Although the role of copper (Cu) in promoting KRas- or BRaf-mutation driven cancers via activating MEK1/2 kinases is known, the mechanism by which the copper transporter SLC31A1 (CTR1) is upregulated in pancreatic cancer (PDAC, KRas mutation) is not defined. In this study, we provide evidence that MEK signal maintains a high level of SLC31A1 through silencing the expression of miR-124-3P (miR-124) via a novel MEK-DNMT1-miR-124 feedback loop in PDAC cells. Further, we reveal that miR-124 directly targets suppression of SLC31A1, and miR-124 introduction together with tetrathiomolybdate (TM) treatment hampered pancreatic cancer growth in vitro and in vivo. Our results demonstrate that a SLC31A1-MEK-DNMT1-miR-124 feedback loop is an important pathway to maintain copper absorption and promote pancreatic cancer progression, and we hope to provide a Cu-chelation as an adjuvant treatment strategy, to block the progression in Kras mutant PDAC patients.

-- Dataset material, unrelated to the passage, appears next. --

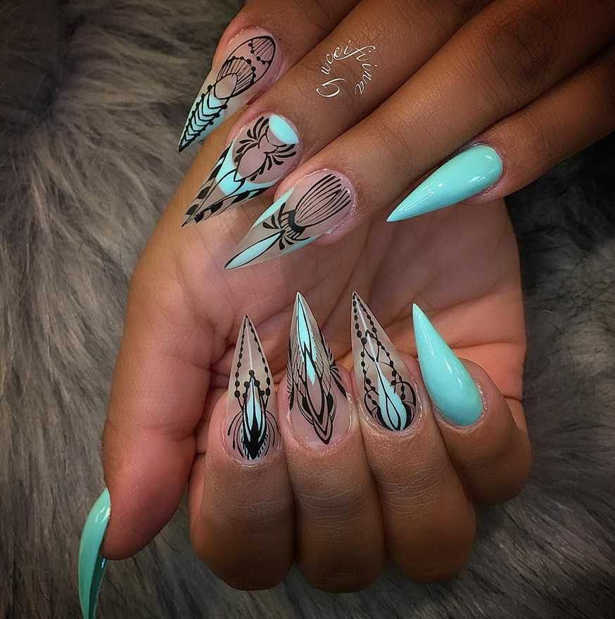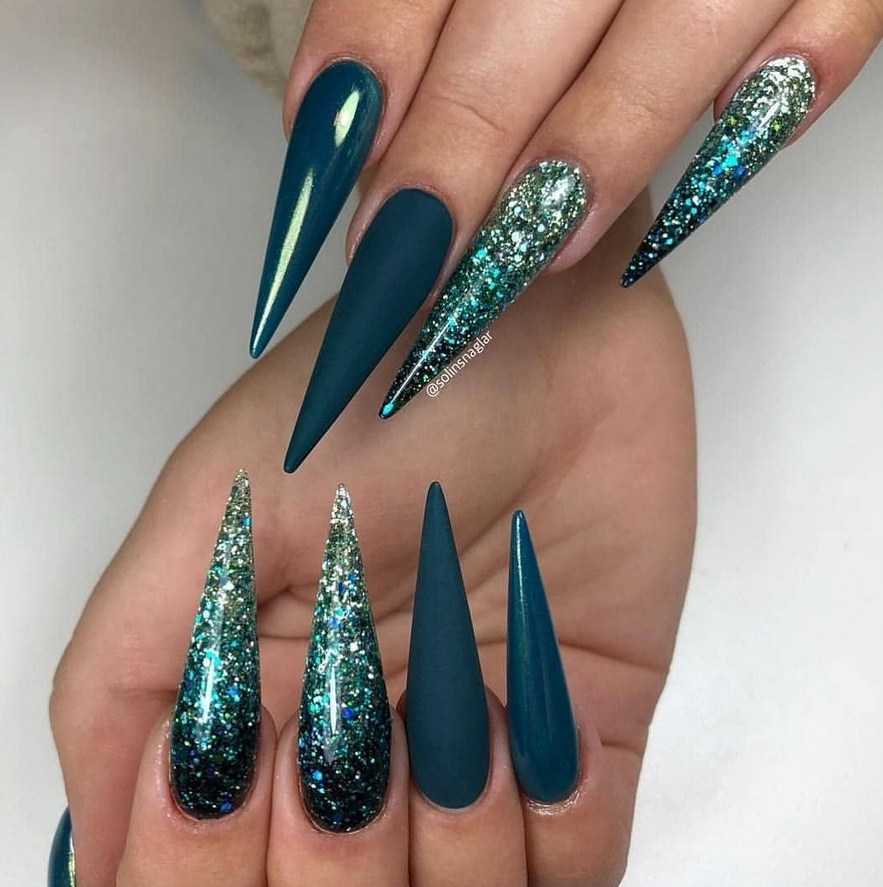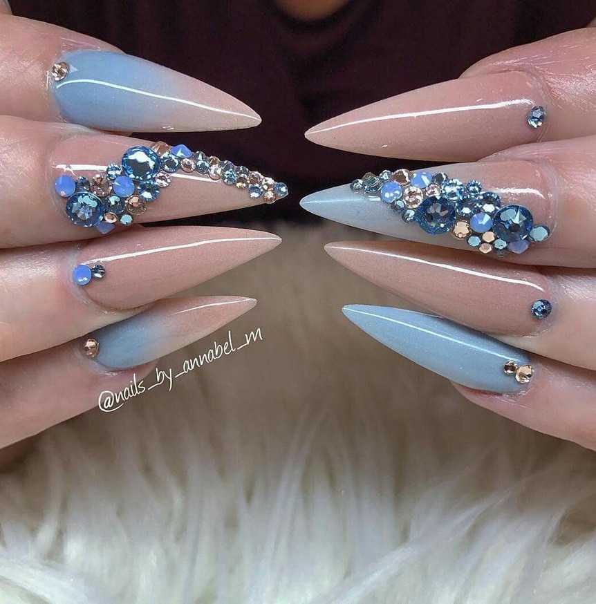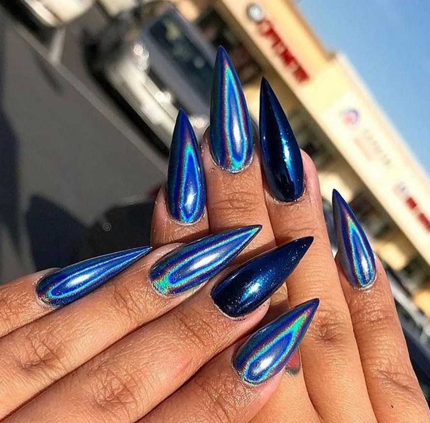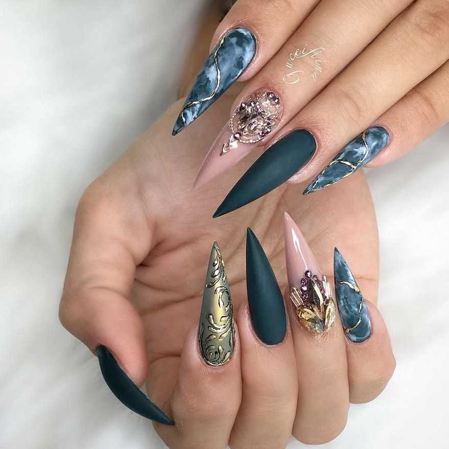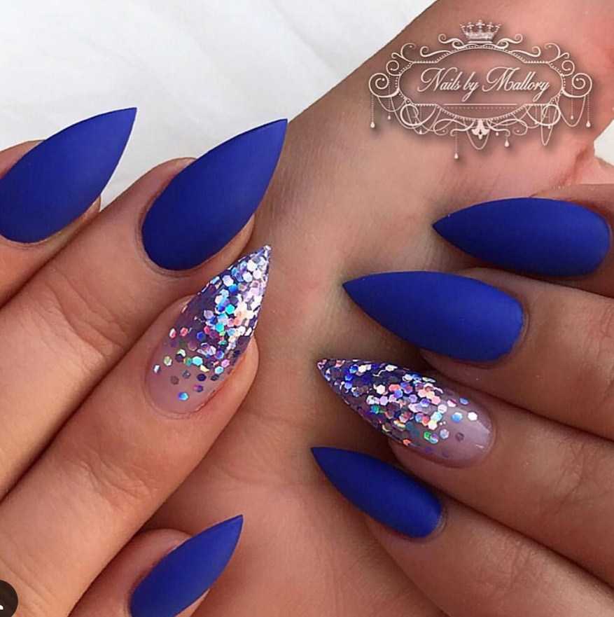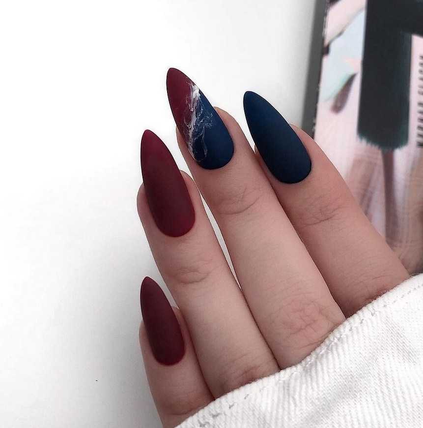 Синий. Этот оттенок является глубоким и насыщенным. На заострённой форме он смотрится благородно в матовом и глянцевом варианте, особенно, с украшением из блёсток, стразов, рисунков контрастным лаком. Для дуэта можно выбирать голубой, бирюзовый, мятный цвет. Хорошие марки покрытий — Maybelline New York Colorama, тон 80, Essie, тон 92 «Голубые Карибы».

Oncogenes, such as KRas, is frequently activated during the malignant progression of PDAC. Almost 90% patients harbor mutations of the KRas, and activated KRas triggered its downstream BRaf and then MEK-ERK signal pathway.1 Recently, several inhibitors to MEK or ERK have been developed and assayed in various cancers, including PDAC. Among these inhibitors, Cu chelators attract our attention due to its practicality and novelty. Cu enhances phosphorylation of MEK1 in a dose-dependent way, and Cu chelators could reduce the ability of MEK1 to phosphorylate ERK1/2.2
Our previous researches revealed that copper content in pancreatic cancer tissues was significantly higher than that in corresponding adjacent tissues, as well as the copper transporter SLC31A1 was markedly upregulated in PDAC tissues and cells.3 To reveal the proposed link between upregulated levels of SLC31A1 and Kras-MEK pathway, we first found the abnormal upregulation of SLC31A1 in COAD, DLBC, GBM, LGG, PAAD, READ, STAD, and UCEC through the public database GEPIA (Fig. S1A, B). Intriguingly, these cancers mostly occur missense Kras mutations (activated Kras) (Fig. S1C). Furthermore, prognostic survival analysis indicated the lower expression of SLC31A1 was associated with longer survival in PAAD (Fig. S1D). As shown in Figure 1A and B, the suppressive effect of MEK inhibitors on SLC31A1 mRNA level was consistent with that of SLC31A1 protein detection. These data suggest SLC31A1 is closely related to the Kras signal pathway.
Figure 1.
The SLC31A1-MEK-DNMT1-miR-124 feedback loop was revealed by molecular experiments and clinical database analyses. (A, B) qRT-PCR and Western blot were used to measure the expression of SLC31A1 in Panc-1 cells treated with MEK1/2 inhibitors. (C) Effects of miR-124 overexpression on endogenous SLC31A1 expression as measured by qPCR and Western blot. (D) Methylation-specific PCR analyses of the effect of PD98059 on the methylation status in Panc-1 cells. M-DNA methylated human control DNA (bisulfite converted), U-DNA unmethylated human control DNA (bisulfite converted). (E) T-A clone and sequencing analysis are used to distinguish between pre-miR-124-1, 2 and 3. (F) TM and PD98059 induce demethylation of miR-124 promoter. Nonmethylated and methylated CpGs are depicted as open and solid circles, respectively. The red arrows indicate the reported methylation sites and the red asterisk suggests the prominent sites of demethylation. (G) Effects of miR-124 and TM on subcutaneous xenograft tumor formation in NPG mice. (H) Schematic representation of the feedback loop that involves copper, MEK signal, DNMT1 and miR-124 in the regulation of SLC31A1 expression. Each bar in the figure represents the mean ± SEM of triplicates. ∗P < 0.05, ∗∗P < 0.01, ∗∗∗P < 0.001.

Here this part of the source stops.